19 countries openly opposed the abortion alliance

On the occasion of the UN General Assembly, 19 countries united on September 23 to openly oppose international attacks on life and family. In the joint statement, they denied the existence of any international abortion rights and opposed sex education policies that did not respect parental rights and beliefs. On the same day, Donald Trump told the United Nations at the forum: “Americans will never get tired of defending innocent lives.”

The alliance was formed under the initiative of the United States, bringing together Russia, Brazil, Poland, Hungary, Nigeria, the Democratic Republic of the Congo (DRC), Saudi Arabia and Egypt. They represent more than 1.3 billion people.

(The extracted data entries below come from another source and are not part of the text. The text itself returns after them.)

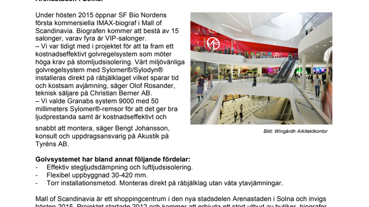 Christian Berner AB har fått uppdraget att leverera ett kostnadseffektivt och miljövänligt golvregelsystem med stomljudsisolering till Nordens första IMAX-biograf. Den nya SF-biografen kommer att byggas i Mall of Scandinavia i den nya stadsdelen Arenastaden i Solna.
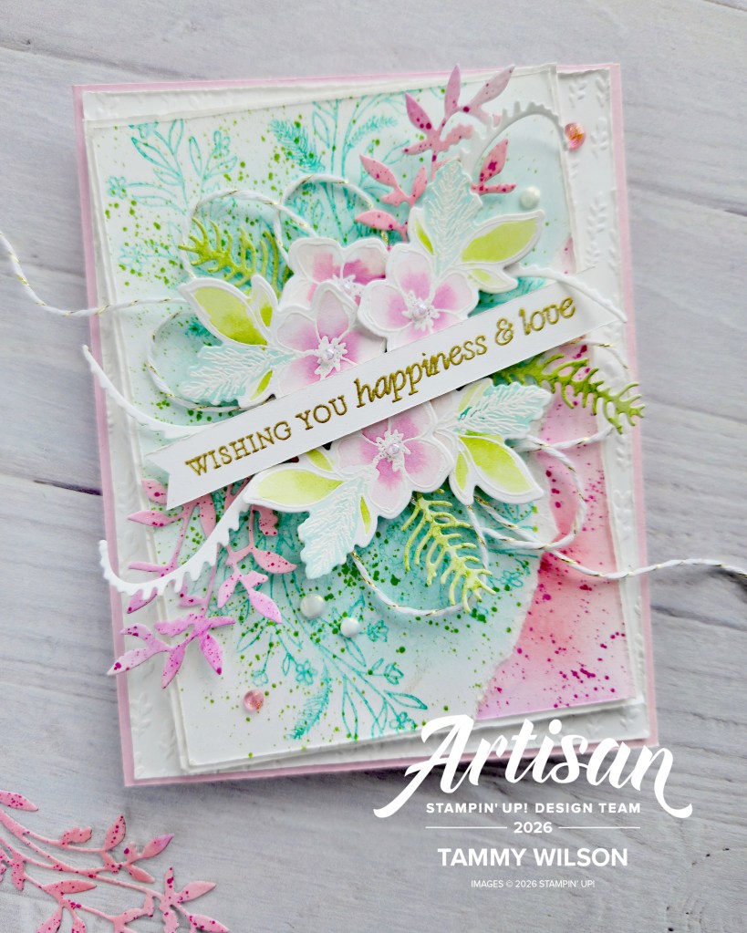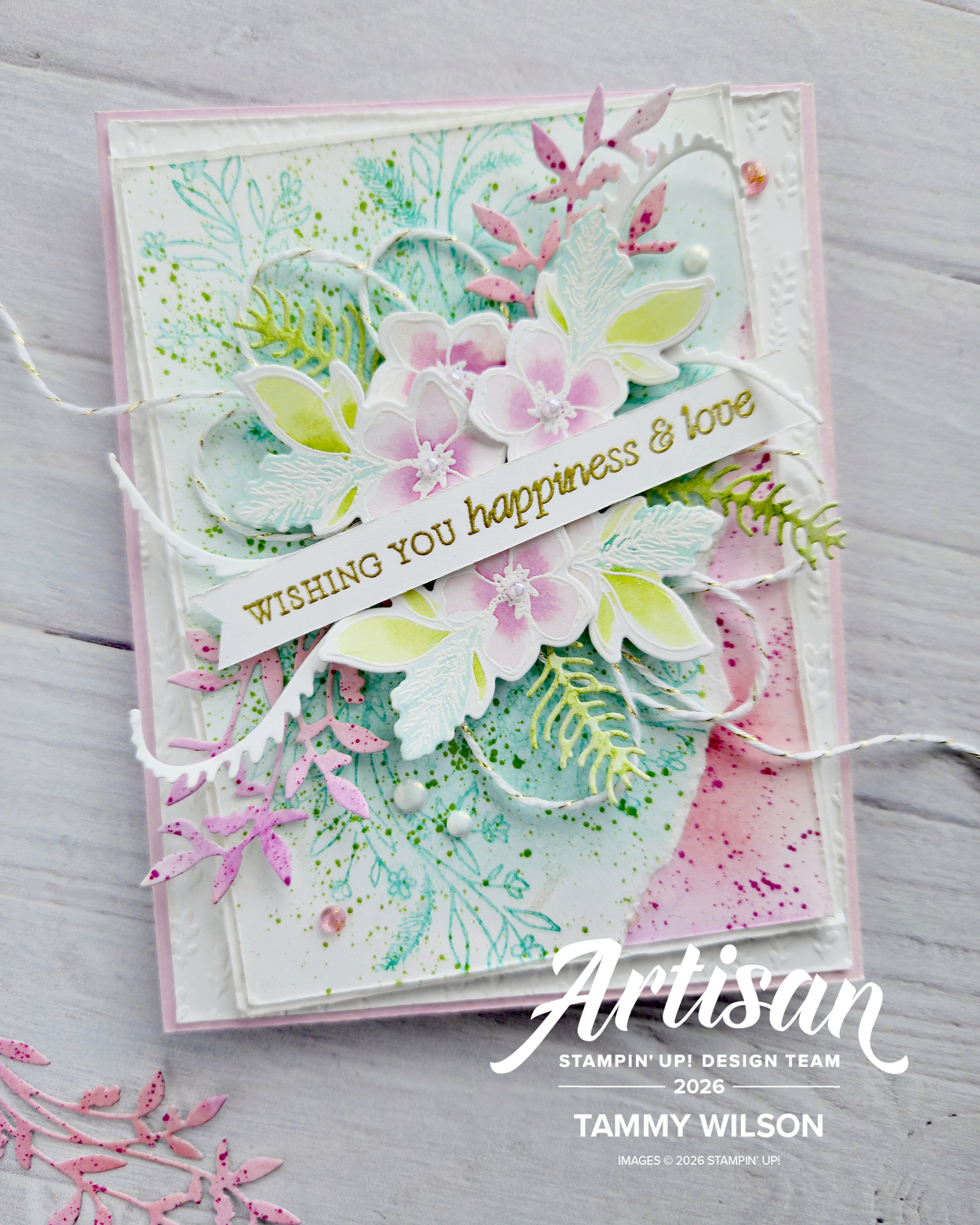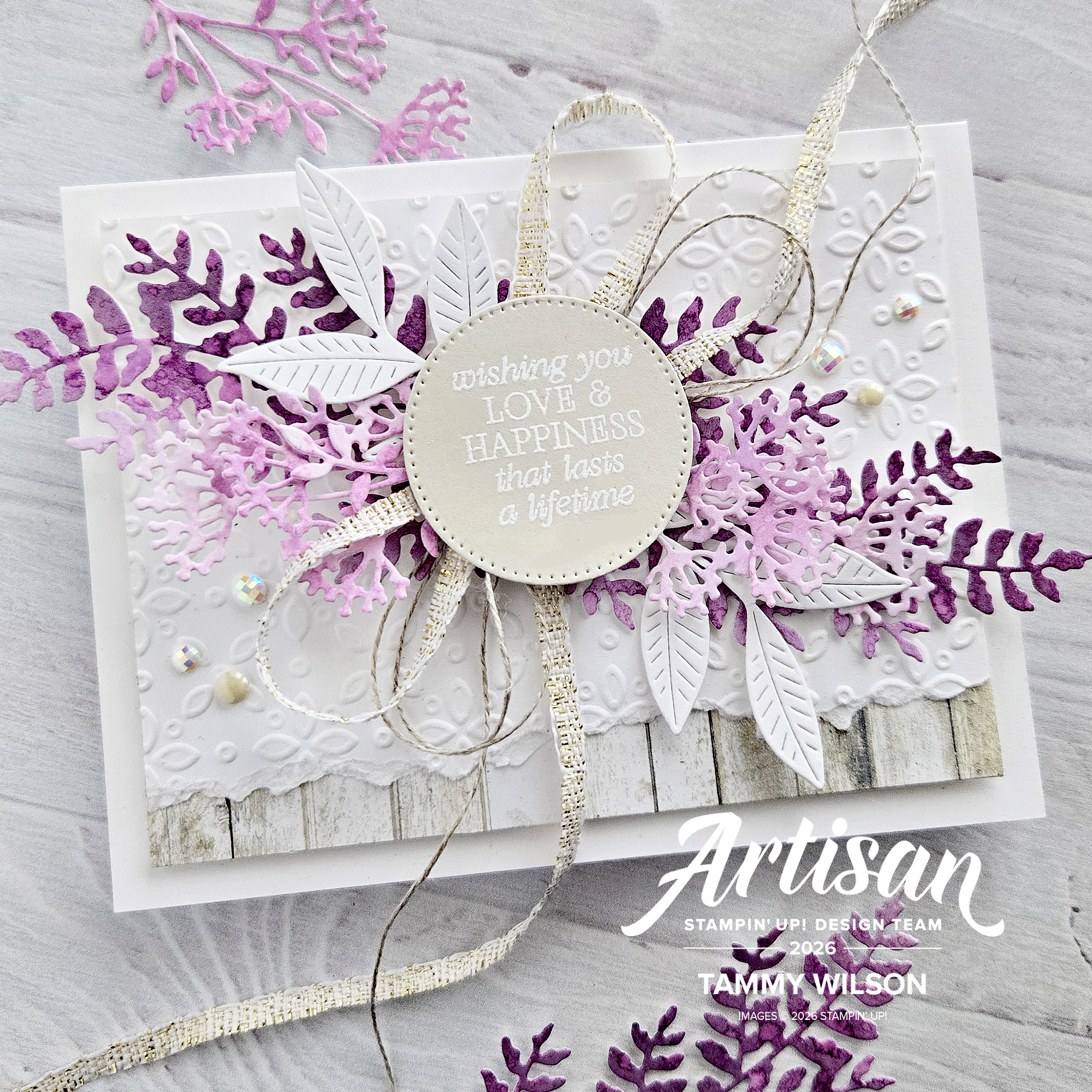 For my card, I chose to use the Impressions Abloom Dies (for all the for the flowers branches)…..along with the Beautiful Gallery Designer Series Paper and the Country Woods Designer Series Paper. For the heat-embossed sentiment, I used the Notes & Totes Stamp Set.
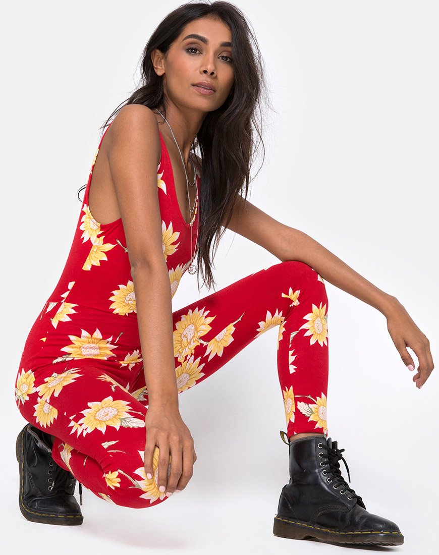 The only item you need to own this season, our unitard in sunny days. Red hot with fresh florals, it's got summer all over it. In a red and yellow sunflower print it features an all over bodycon fit with long leg, scoop back and chunky straps. Festival, holiday or everyday, this will be your new go-to.
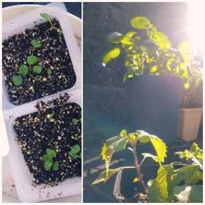 ミックスハーブの種まきと こぼれ種のしそのポット上げと ふさふさバジル

Making a clear statement at this level is unprecedented. At the forthcoming International Conference on Population and Development (ICPD) in Nairobi in November, it often prevented the United Nations from making any new efforts to promote abortion. The conference will be the latest in a series of long-term events initiated by Margaret Sanger, the founder of family planning, in 1927, when Margaret Sanger was the most in the new Malthusian circle. Active characters. They tried to convince Western governments to limit population growth in poor countries to avoid political and economic imbalances. As a result, the spread of contraception and abortion has become a priority for institutions such as the United Nations Population Fund (UNFPA), which is organizing the conference.

After this diplomatic failure, in order to circumvent the country, senior officials and United Nations experts met informally with representatives of non-governmental organizations in Glen Cove in December 1996. They then adopted a new strategy to use non-governmental organizations to link abortions to existing rights or vague concepts such as “sexual rights and reproductive rights” through mechanisms of the United Nations Committee (the committees with which these experts participate). Elements, to introduce them into international law. . This is a question of quietly inoculation of abortion in the official interpretation of the United Nations treaty. The strategy was a success. In October last year, experts from the Human Rights Committee adopted a reference text proposing on-demand abortion as a human right (general comment No. 36).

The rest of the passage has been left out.